Após o término do mandato de Joaquim Neto, surgiram denúncias sobre um suposto “rombo de quase R$ 30 milhões” no SAAE, acumulado durante sua gestão, com débitos junto à Coelba, Previdência Social e fornecedores. Essas alegações chegaram a motivar discussões na Câmara de Vereadores sobre a abertura de uma nova Comissão Parlamentar de Inquérito (CPI) para investigar as contas da autarquia entre 2017 e 2022.  

Contudo, a história mostra que o problema é anterior. Ao assumir em 2017, a gestão de Joaquim Neto também denunciou ter herdado uma dívida colossal. A prefeitura como um todo devia R$ 32,3 milhões, dos quais R$ 14 milhões eram um passivo específico do SAAE. Documentos da época indicam que a administração de Neto se esforçou para negociar débitos com o INSS e a Coelba, tendo quitado quase R$ 3 milhões de dívidas herdadas até 2019. Isso demonstra que o padrão de herdar uma autarquia financeiramente comprometida não começou com a gestão atual.  

A Era Paulo Cezar (pré-2017): As Raízes do Débito e a Primeira CPI do SAAE

Recuando ainda mais no tempo, a dívida do SAAE com a Coelba já era uma questão grave ao final da gestão do ex-prefeito Paulo Cezar, estimada em R$ 6,5 milhões no início de 2017. A situação financeira da autarquia era tão preocupante que levou a Câmara Municipal a instalar uma CPI para apurar irregularidades. A comissão investigou desmandos e ouviu 11 pessoas ao longo de cinco meses.  

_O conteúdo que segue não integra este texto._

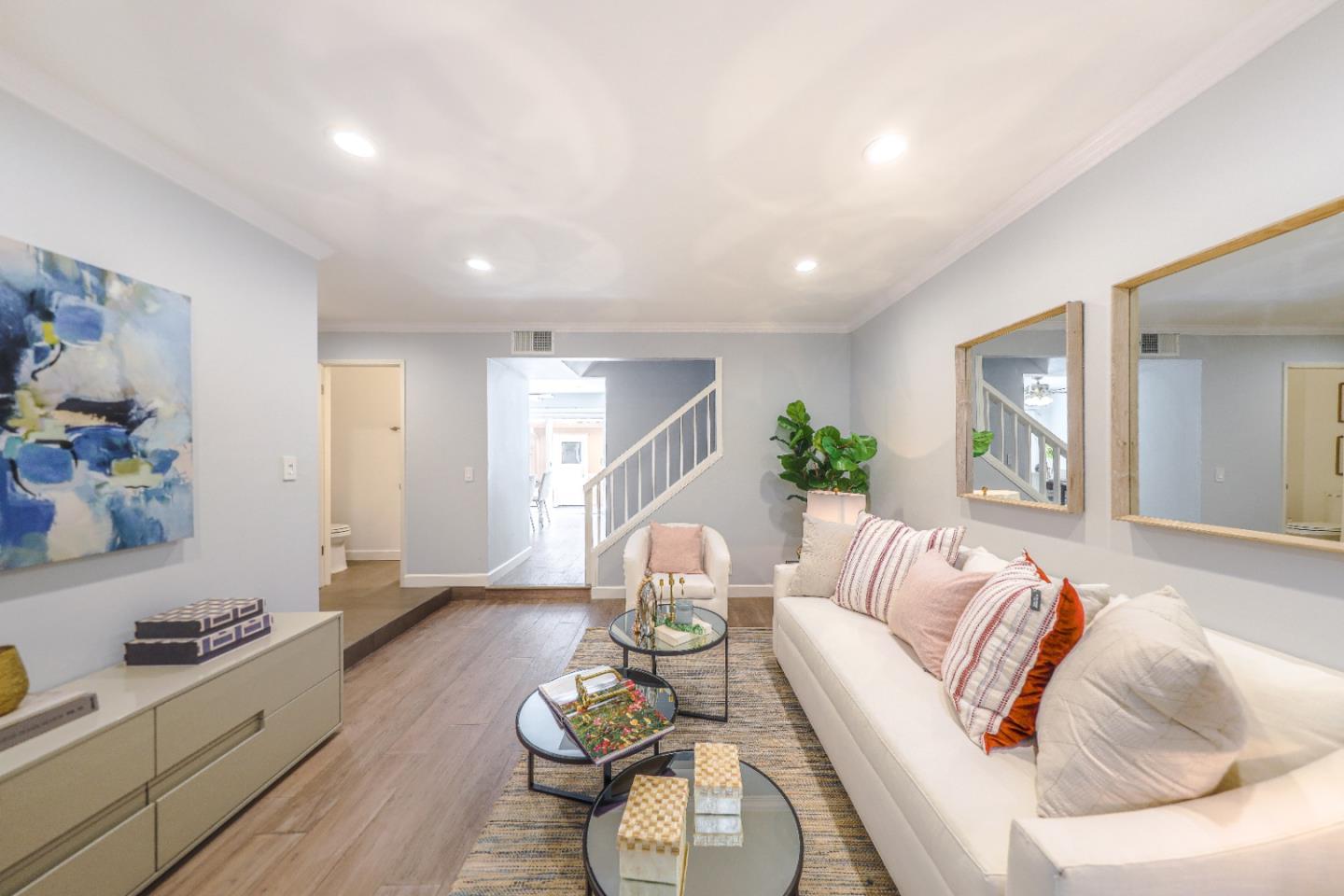 Beautiful move in ready 3 bedroom townhome in walking distance to top public schools Dilworth Elem, Miller Middle & LYNBROOK High! This lovely home was fully remodelled with high end finishes and upgrades at a cost of over $100k. Kitchen with high quality cabinets, quartz counters & stainless steel appliance; updated modern bathrooms; Newer copper pipping and interior paint; high end engineered wood floors and Porcelanosa tiles throughout, recessed dimmable LED lights; energy-efficient dual-pane windows and patio door, and backyard offering privacy with beautiful pavers. A new Carrier central AC and furnace were installed for your comfort. Vaulted ceiling in primary bedroom and bathroom. Enjoy the garden style Regency Park community with pool, spa, club house and children playground. Convenient location near Orchard Farms shopping centre, schools and Rainbow Park. Easy access to highways and expressway for commute.

Os trabalhos da CPI apontaram para uma série de práticas questionáveis, como o pagamento de R$ 250 mil a um escritório de advocacia por serviços de defesa junto ao INSS que não teriam apresentado resultados, e um pagamento de R$ 360 mil a uma empresa de saneamento que, segundo o relator da comissão, pertencia a parentes de gestores da autarquia na época. Ao final, o relatório da CPI pediu o indiciamento dos responsáveis pelos danos causados ao SAAE, conferindo um selo de gravidade institucional às alegações de má gestão histórica.  

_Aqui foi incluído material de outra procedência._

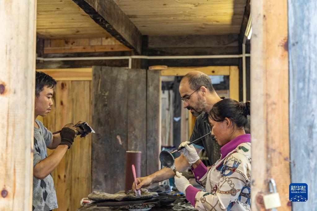 5月29日,在重慶市城口縣北屏鄉松柏村,文森·漆在工作室與當地村民給作品上漆。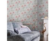 Vliesová tapeta s květinovým motivem v růžové a šedé barvě na bílém hladkém podkladu vnese do interiéru příjemnou atmosféru.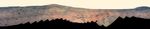 The hill on the horizon at far right is Husband Hill, to the north. Spirit acquired a 360-degree panorama (see PIA03610) from the summit of Husband Hill during August 2005). The hill dominating the left portion of the image is McCool Hill. Husband and McCool hills are two of the seven principal hills in the Columbia Hills range within Gusev Crater. Home Plate is in the inner basin of the range.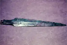 In the Middle Bronze (MB) Age (end of 3rd–middle of 2nd millennium BCE) hundreds of metal objects were found. The development of more complex weapons (longer daggers, swords, complex battle axes, etc.) was possible by alloying the copper with arsenic or with tin. All the MBII weapons that were analyzed were made of copper alloyed either with tin (14%–2% Sn) or with arsenic (4.3%–0.5% As), sometimes with a mixture of both usually in low concentrations. These changes in the metal properties of weapons are also reflected in the composition of small objects, like toggle pins that were probably made mainly from re-melting of scrap.[13] Lead (Pb) started to play a greater role as a major alloy for thick casts of copper-based objects, mainly of battle axes [14] during this period.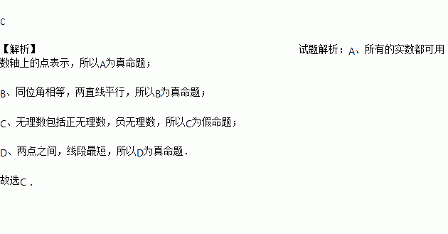 A. 所有的实数都可用数轴上的点表示; B. 同位角相等,两直线平行;
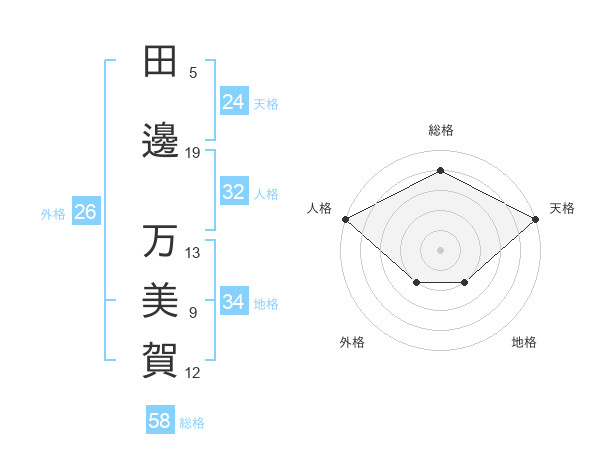 田邊 万美賀さんを姓名の画数から五運を鑑定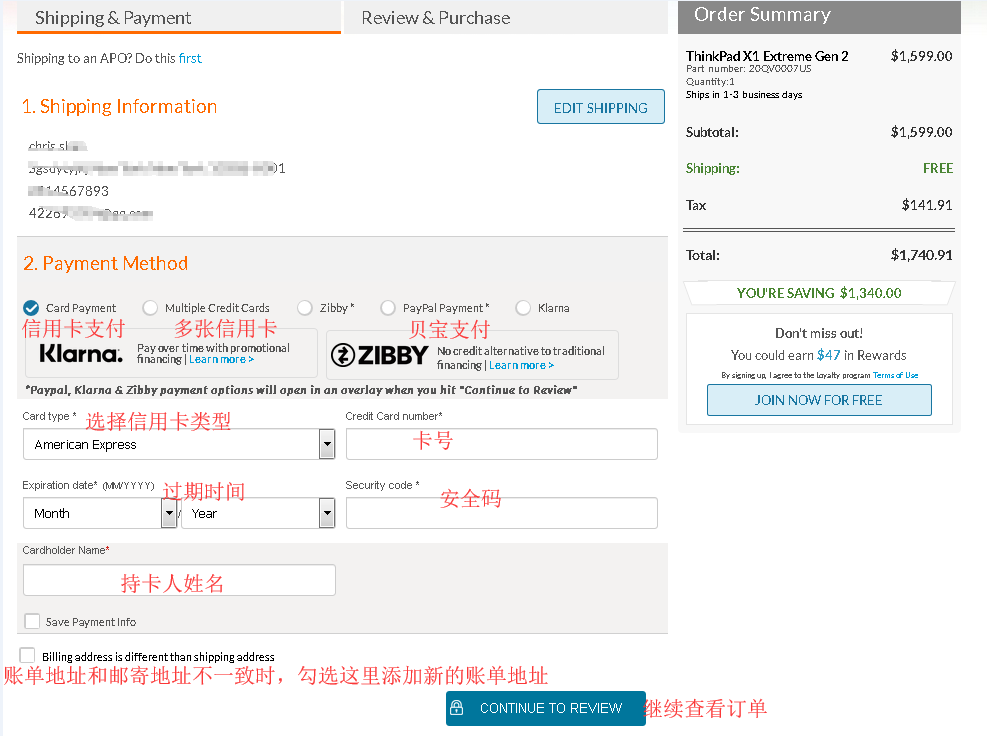 最后点击“Continue to Review”查看订单,仔细核对购买产品的相关信息、送货地址、配送方式、付款方式、等,准备无误的话就可以付款下单。联想美国官网8通道的下单流程大致就是这样了,是不是也没有想象的那么难呢?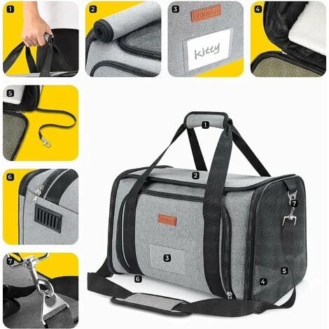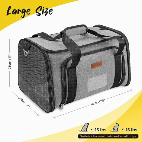 Utile et portable – La dimension du transporteur est de 41x28x28 cm et convient aux animaux jusqu’à 7 kg/15 lb (veuillez vérifier le poids de votre animal). Il y a un tapis en coton et une fenêtre pour carte d’identité pour vous aider à trouver votre sac rapidement.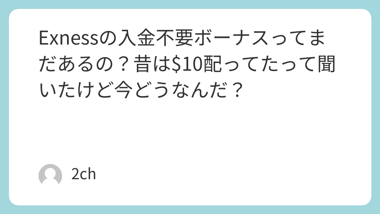 Exnessの入金不要ボーナスってまだあるの?昔は$10配ってたって聞いたけど今どうなんだ?
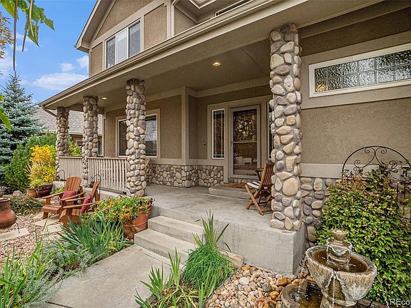 Absolutely stunning semi-custom two story model quality home that is perfectly perched on one of the most beautiful and desirable lots in the prestigious Stoneridge community of Firestone, Colorado. This remarkable home checks all of the boxes...Spacious open floor plan, immaculately maintained, quiet cul-de-sac, full finished walk-out basement, huge 5 car attached garage, and backs to open space area with mountain views! As you arrive at this remarkable home you will love elegant stone and stucco enhanced exterior with an inviting covered front porch. Once inside, you will be immersed in true elegance and peaceful tranquility with soaring ceilings, extended hardwood floors, and an abundance of natural light that floods this home through the large windows that perfectly frame the outdoor splendor. The gourmet kitchen is sure to please with a perfect combination of Granite counters, upgraded stainless steel appliances, gorgeous Alder wood cabinetry, decorative lighting, and a convenient center island. The open concept floor plan boasts an over-sized family room with plenty of room for the whole family and a cozy gas fireplace, and a guest bathroom. Wind your way up the custom wrought iron staircase where you will find the luxurious master suite. Indulge yourself in pure relaxation in the spa-like en suite and a huge walk-in closet. There are 2 additional large bedrooms, flex room with a double French-style door entry, open loft, full bathroom, and a convenient laundry room. The professionally finished walkout basement is an entertainer's dream with a huge recreation room with electric fireplace, flex room, bathroom, and a custom wine room. You will love the outdoor living space with an extended upper level deck with views of the meticulously maintained landscape and open space. Enjoy multiple entertainment areas including a cozy gas firepit and extended patio. Other features include an over-sized 5 car garage w/50 amp service and cabinets, storage shed, and more!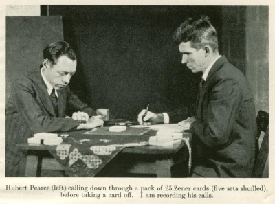 Hubert Pearce (left) calling down through a pack of 25 Zener cards (five sets shuffled), before taking a card off. I am recording his calls.

Esse padrão recorrente, onde cada nova administração herda uma autarquia deficitária, denuncia a gestão anterior e, eventualmente, repassa a conta para o contribuinte ou para o próximo governante, sugere que o problema é mais profundo do que a conduta de um único prefeito. A crise no SAAE parece ser um sintoma de uma doença institucional crônica, marcada pela vulnerabilidade à interferência política e pela ausência de controles financeiros robustos, criando um ciclo vicioso de dívida e transferência de culpa.